Jay spent most of the day organising the outdoor workers to cut and collect firewood. The sound of an axe on the chopping block echoed round the grounds, breaking the eerie silence where every other noise was muffled by the thick layers of snow. Daisy accompanied them once or twice in an attempt to bring in as much greenery as possible, including large bunches of holly and ivy. It would be Christmas in a few days and it was important to make it a special occasion for all concerned, and in particular the children. Daisy even managed to persuade Jay to cut down a huge pine tree, which they planted in a barrel and placed in the entrance hall as it was too tall to put in the drawing room. That evening they drank mulled wine and played snap dragon, risking burned fingers by plucking raisins from flaming brandy. The adults joined in with the children in a riotous game of blind man’s buff, and then Jay whisked Daisy round the drawing-room floor to a tinny tune from an old musical box that Mrs Ralston had found tucked away in a cupboard. Their enjoyment seemed to be catching and soon everyone joined in, even Hilda, who was getting quite nimble on her artificial limb. The spirit of Christmas appeared to have overtaken the malignant influence of the squire, and when Daisy went to her room that night she felt that the house was happy at last. She sang as she
brushed her hair before plaiting it ready for bed.
The next day she spent hours cutting out stars from pieces of card, which she found in the squire’s study, and with Hilda’s help she made paper lanterns to hang on the tree.
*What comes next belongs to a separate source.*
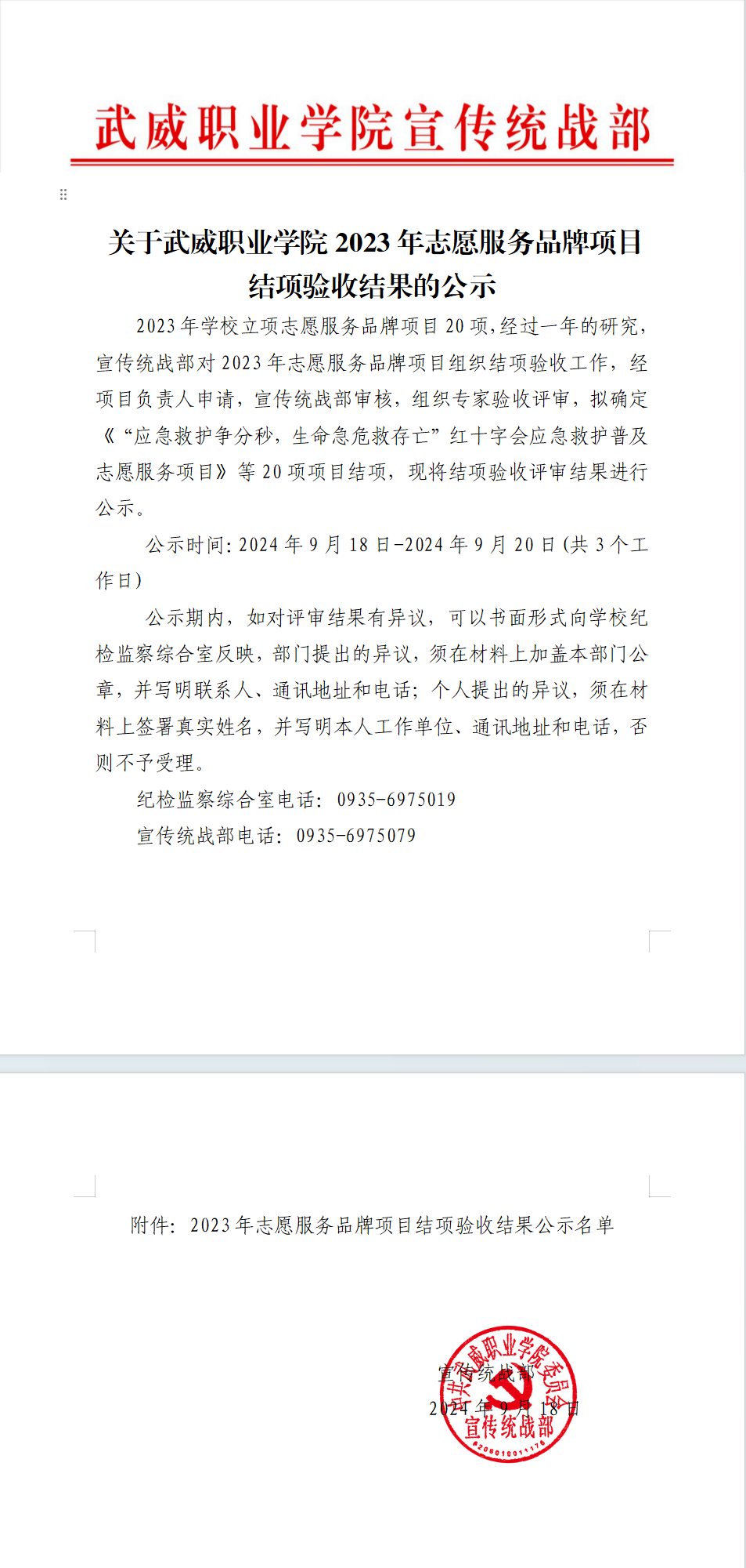 關于武威職業(yè)學院2023年志愿服務品牌項目結項驗收結果的公示

Judy and Molly cut out strips of wallpaper they had found while exploring one of the unused attic rooms, and Cook whipped up some flour and water paste so that they could make paperchains. In the same attic Mary discovered a box of toys that had been put away without ever being used, and a dusty portrait stowed away under the eaves, which Mrs Ralston identified as being Sophia Tattersall, the squire’s long-suffering wife, who died at a relatively young age. Neither Mrs Ralston nor Mary could give an explanation as to why the squire’s late wife had hoarded toys when she was childless, although Daisy thought privately that perhaps the poor woman had longed to become a mother and had refused to accept that it might never happen.
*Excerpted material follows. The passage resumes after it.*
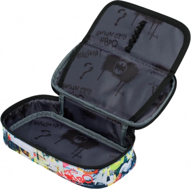 Cette trousse scolaire avec motif Batman Comics présente des motifs de bande dessinée originaux qui séduisent tous les fans de super-héros. Elle est équipée d'une cloison intérieure rabattable qui facilite l'organisation. Elle dispose également d'une poche intérieure zippée et d'un compartiment spécial pour le planning, améliorant son utilisation pratique. La trousse est fabriquée en matériau textile, ce qui lui confère légèreté et durabilité.

Daisy had the chest taken to her room. The toys might be outdated and covered in cobwebs, but they were in good condition, and that evening, when the children were in bed asleep, she took the smaller items to the kitchen where she washed each one carefully and set them by the range to dry. Wooden soldiers lined up in front of the fire as if on parade, and dolls with porcelain faces and wigs made from human hair, were naked beneath pieces of flannel, waiting for their lace-trimmed dresses and pantalettes to dry on a makeshift washing line stretched between two chairs. Daisy was replacing some brightly coloured building blocks in their box when Jay burst into the kitchen.
‘Hilda told me you were down here. What on earth are you doing?’ He gazed in amazement at the array of children’s toys. ‘Where did you get these?’
‘Mary came across them in one of the attic rooms, along with a portrait of the squire’s late wife. The poor lady must have been desperate for a child.’
‘And then I came along.’ Jay pulled a face. ‘I can imagine that didn’t make for a happy marriage.’
‘I think the squire ruined any chance of that simply by being himself. Anyway, the day after tomorrow is Christmas Eve, so I want to have all these wrapped and put round the tree for the children. We can at least give them a happy time.’ She smiled up at him. ‘And the tree is magnificent. We just need some more decorations to make it look even more beautiful.’